Fresh wave of competition among lenders could provide relief for homebuyers ahead of UK general election.

A swath of UK lenders have dropped their mortgage rates over the past few days, fuelled by expectations that the Bank of England will soon start lowering interest rates.

Barclays decreased the rate on a five-year remortgage deal from 4.77 per cent to 4.32 per cent, assuming a 40 per cent deposit. The rate on its two-year fix dropped from 4.94 per cent to 4.61, with a £999 fee. Other lenders to cut rates — with more modest changes — include HSBC, TSB, Skipton Building Society and buy-to-let specialist BM Solutions.

The cuts have renewed hopes that a fresh wave of competition among lenders will push others to follow suit, providing relief for homebuyers ahead of a general election anticipated in the autumn in which access to housing has become a key battleground.

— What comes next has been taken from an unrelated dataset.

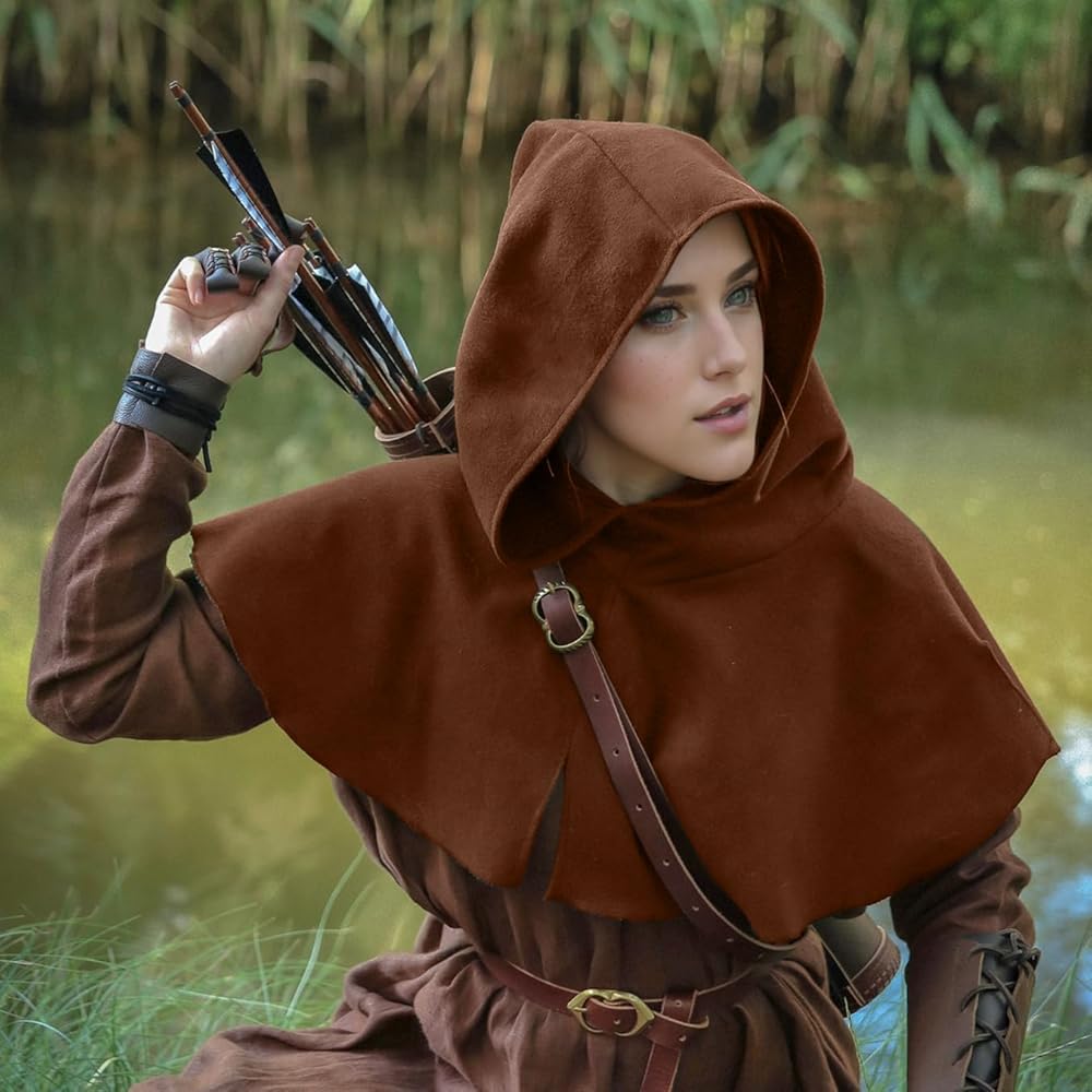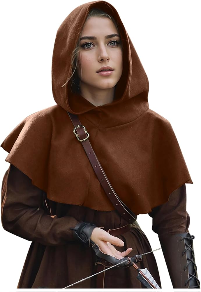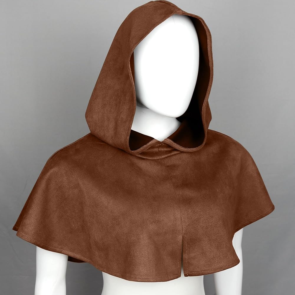 Joukavor Medieval Short Cape with Hood Renaissance Hooded Cowl Assassins Creed Hood

This follows growing market expectations that the Bank of Ireland, which held its benchmark rate at 5.25 per cent, will soon start lowering borrowing costs, with the balance tipping slightly in favour of a rate cut by June. That has pushed down swap rates, which reflect market expectations of the path for interest rates, and are used by lenders to price their mortgage deals.

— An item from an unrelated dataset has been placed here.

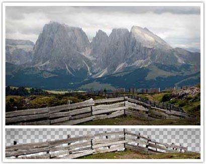 Y para terminar retocamos los elementos que colocaremos más al fondo, como las montañas más lejanas y el cielo. En cuanto al brillo, contraste, color de las fotografías, etc no me he preocupado demasiado ya que prefiero retocarlo a la hora de la composición para que queden bien unas con otras.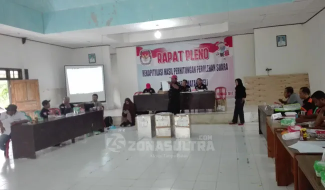 RAPAT PLENO - Anggota PPK Abeli saat melakukan rekapitulasi hasil perhitungan perolehan suara di tingkat kecamatan di aula Kantor Kecamatan Abeli, Jumat (17/2/2017). Dari hasil pleno oleh PPK Abeli pasangan calon Wali Kota Kendari nomor urut 1, Rasak-Haris berhasil menang telak. (RAMADHAN HAFID/ZONASULTRA.COM)

“Following last week’s announcement that the bank rate would remain unchanged financial markets have adjusted their forecasts,” said Nicholas Mendes, technical manager at mortgage broker John Charcol. “There is now significant potential for rate reductions in the coming fortnight”.

Two-year swaps — which correlate to the pricing of two-year fixed-rate mortgages — fell to 4.51 per cent this week, down from 4.78 per cent at the start of May. Five-year swaps have fallen from 4.26 per cent to 3.97 per cent over the same period.

“It gives the lenders some room to manoeuvre,” said Andrew Montlake, managing director of mortgage broker Coreco. “It looks like it’s going to be a little more competitive for a while, certainly up until the summer. And we’ll see other lenders following suit.”

A period of optimism — and lower mortgage rates — in January proved short lived, as inflation data surprised markets by ticking up. “I think the markets and everyone else got ahead of themselves,” said Montlake.

Mortgage rates have continued to climb in recent weeks, as lenders struggled to see a clear outlook on inflation and the economy.

But others agreed there were now signs of a turn. “It wouldn’t be unreasonable to expect fixed rates to come down over the next six months and be somewhere close to the levels they were in January,” said Aaron Strutt, a director at broker Trinity Financial. “Five-year fixes need to be around 4 per cent for people to feel like they are getting reasonable value.”

Chris Sykes, consultant at broker Private Finance, said: “It’s good that lenders are responding quickly to changes in swap rates. These rate reductions are edging us back towards the position we were in three or four weeks ago, because over the past few weeks it’s always been up, up, up. I think we will see other lenders follow up.”

Average rates on two-year fixes are 5.9 per cent, according to data provider Moneyfacts — up from 5.3 per cent this time last year.